Eine Ursache für die Parallelwirtschaft liegt auch in bestimmten Vorstellungen vom Zusammenleben in der Gesellschaft: „Die Bereicherung mit allen Mitteln gilt weitgehend als legitim“, verrät ein Geschäftsmann, ohne seinen Namen zu nennen. Seit einigen Jahren berichten die Medien immer häufiger über Skandale. Zuletzt ging es um die Unterschlagung von 4 Millionen Euro, die als Hilfszahlung aus den Niederlanden eigentlich für Projekte der Wasserversorgung vorgesehen waren.
Die Korruption ist endemisch, viele dringende Projekte werden gar nicht erst in Angriff genommen. Alle bestehen darauf, ihren Anteil zu kassieren, bevor überhaupt ein Bau begonnen wird. Der neue internationale Flughafen von Cotonou wird seit zehn Jahren angekündigt. Gebaut wurde er nie, obwohl der gegenwärtige, mitten in der Stadt gelegene Flughafen extrem gefährlich ist. Auch die „Route des pêches“ entlang der Küste wurde bisher nicht asphaltiert, und auf die geplante Brücke, die den Verkehr in Porto-Novo entlasten soll, warten die Bürger vergeblich.
Gilles Yabi klagt über die ewige „Kpayo-Demokratie“, wie er sie nennt, also eine „Ersatzdemokratie“. In einem System, das keine klaren Grenzen zwischen staatlichem Handeln und informeller Ökonomie zieht, nehmen die Vertreter des Staats ihre eigentliche Aufgabe oft weniger ernst als ihre persönlichen Interessen.
Diese Verzerrung findet man auf allen Ebenen der Gesellschaft, sie ermuntert zur Umgehung von Regeln und der Jagd nach dem schnellen Profit. Die Straflosigkeit geht so weit, dass der Staat keinerlei Autorität mehr besitzt.

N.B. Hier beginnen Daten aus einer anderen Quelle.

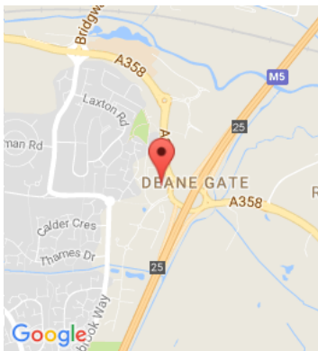
( https://maps.google.com/maps?ll=51.018359,-3.065612&z=14&t=m&hl=en-US&gl=US&mapclient=api3 )

Something changed? (/contact/something_changed?destination=/access-guide/kew-green/holiday-inn-taunton-m5-jct25)

Im Juni 2015 ernannte Präsident Boni Yayi den als tatkräftig geltenden Lionel Zinsou zum Ministerpräsidenten, woraufhin Teile der städtischen Jugend Hoffnung schöpften. Denn dem ehemaligen französisch-beninischen Banker trauen sie zu, dass er neue Perspektiven für ihr Land entwickelt – und dass sie eines Tages vielleicht ihr Leben doch mit etwas anderem als Motorradtaxifahren oder Kpayo-Verkaufen bestreiten können.
Aus dem Französischen von Claudia Steinitz
Sabine Cessou ist freie Journalistin.